L'éventuelle introduction d'une clause de conscience dans le code de déontologie des pharmaciens suscite des remous, de Twitter aux ministères.
L'Ordre national des pharmaciens (CNOP) a lancé fin décembre 2015 une consultation auprès de ses 75 000 membres, dans la perspective d'une refonte de leur code de déontologie, inchangé depuis 1995. Une grande majorité (85 %) des quelque 3 395 pharmaciens répondants se sont prononcés en faveur d'une « clause de conscience au bénéfice du pharmacien ».
Un projet de 48 articles, au lieu des 77 actuels, issu des groupes de travail et s'inspirant de cette consultation, a été discuté au sein du CNOP le 4 juillet. Faute de consensus, les ordinaux ont décidé de soumettre uniquement l'article sur la clause de conscience au vote des 75 000 pharmaciens, sur le site Extranet de l'Ordre, ainsi rédigé : « Sans préjudice du droit des patients à l'accès ou à la continuité des soins, le pharmacien peut refuser d'effectuer un acte pharmaceutique susceptible d'attenter à la vie humaine. Il doit alors informer le patient et tout mettre en œuvre pour s'assurer que celui-ci sera pris en charge sans délai par un autre pharmacien. Si tel n'est pas le cas, le pharmacien est tenu d'accomplir l'acte pharmaceutique. »
Défense des droits des femmes
La consultation est ouverte jusqu'au 31 août. Mais dès la mi-juillet, un collectif de pharmaciens actifs sur les réseaux, a lancé une pétition, qui, à ce jour (20 juillet) a recueilli près de 5 770 soutiens, demandant le retrait de cette clause accusée de faire le jeu des anti-IVG ou contraception.
« Les pharmaciens peuvent déjà refuser de délivrer un traitement dans l’intérêt de la santé du patient. Alors pourquoi inscrire cette clause de conscience dans le nouveau code si ce n’est pour satisfaire les pharmaciens les plus réactionnaires, qui souhaitent avoir le droit de ne pas délivrer certains médicaments par convictions personnelles ? Comme ceux qui refusent déjà de vendre des préservatifs, de délivrer la pilule, le stérilet ou encore la contraception d’urgence... De même que ceux qui refusent de délivrer des hormones aux personnes transgenres, des médicaments aux toxicomanes ou des traitements contre le VIH » lit-on dans le texte de la pétition.
À son tour, la ministre des familles et des droits des femmes Laurence Rossignol s'est « interrogée sur cette initiative », dans « un climat international inquiétant de mise en cause des droits sexuels et reproductifs », alors qu'en « Pologne la contraception d’urgence est la cible des adversaires du contrôle des naissances ». Et d'appeler la présidente du CNOP Isabelle Adenot à clarifier l'objet de cette consultation, en insistant sur le fait que, jamais acquis, la contraception et l'IVG, sont des droits qu'on ne peut remettre en question.
Contraception ou fin de vie ?
Dénonçant des propos non documentés, la présidente du CNOP a riposté en indiquant que « les débats sur cet article n'ont jamais porté sur la contraception mais sur la fin de vie, situation souvent délicate à gérer par les pharmaciens de ville et d'hôpital ».

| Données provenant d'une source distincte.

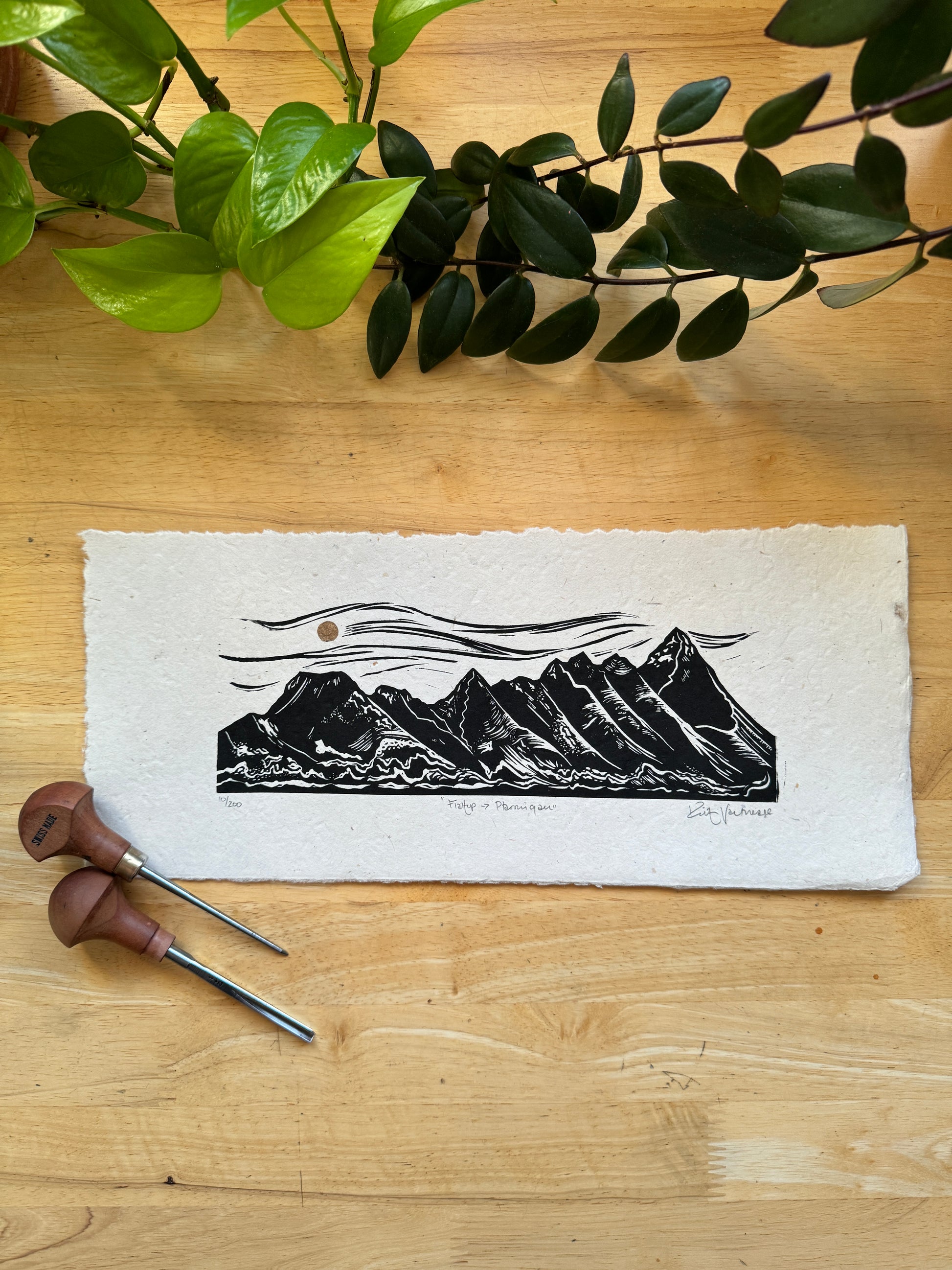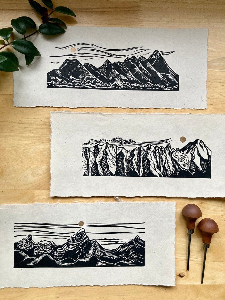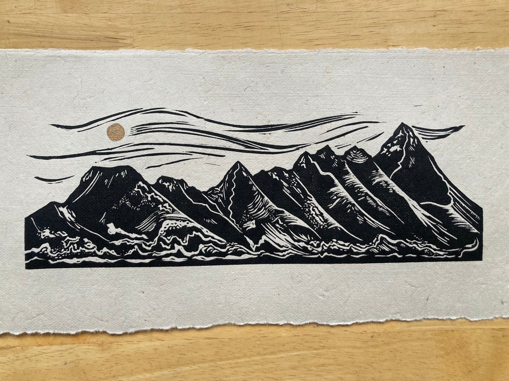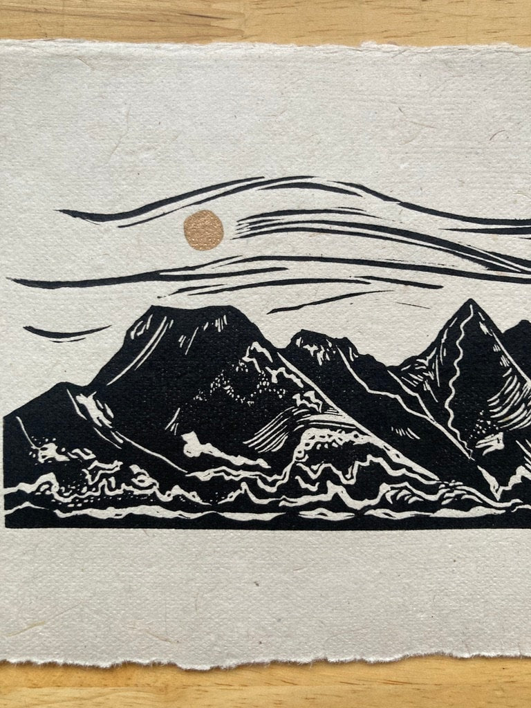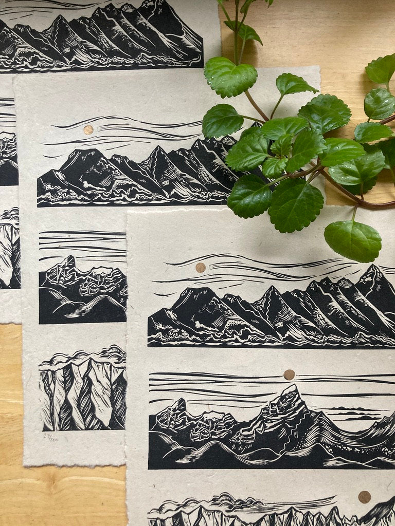 Prints are individually inked and pressed using archival, oil-based inks on beautifully textured Lokta paper. Lokta is a sustainable paper, handmade in Nepal with gorgeous flecks of fiber and texture. Each print is pressed by me with unique variations from print to print, perfectly original.
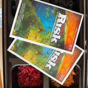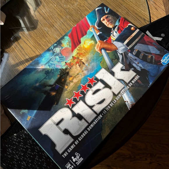 Strategic world conquest board game by Hasbro. Bold artwork features soldiers and flags. Large embossed title on the cover. Includes patriotic blue, red, and white graphics.

Sollicitée, la Présidente du CNOP Isabelle Adenot n'a pas été en mesure de répondre au « Quotidien », ce 20 juillet.
LE CNOP se réunira le 5 septembre pour prendre sa décision. Le code de déontologie devra ensuite être validé par la ministre de la Santé. Marisol Touraine a exprimé « sa pleine confiance » en Mme Adenot pour que « le droit à la contraception d'urgence et à l'IVG ne soit aucunement remis en cause ».
La clause de conscience avait aussi fait débat dans le corps médical, début 2015, mais davantage sur l'IVG que sur la fin de vie. À l'occasion de la loi Santé, la délégation des droits des femmes de l'Assemblée nationale avait réclamé la suppression de la clause de conscience spécifique à l'IVG, au motif qu'elle en faisait un acte médical à part et que la clause de conscience générale permettait déjà aux soignants de s'abstenir (dans certaines circonstances) à la réalisation d'un acte contraire à ses convictions.
L'Ordre des médecins avait fermement défendu et obtenu le maintien de cette double cause. En revanche, il avait évincé l'idée d'une clause spécifique sur la fin de vie, lors des débats sur la loi Leonetti Claeys.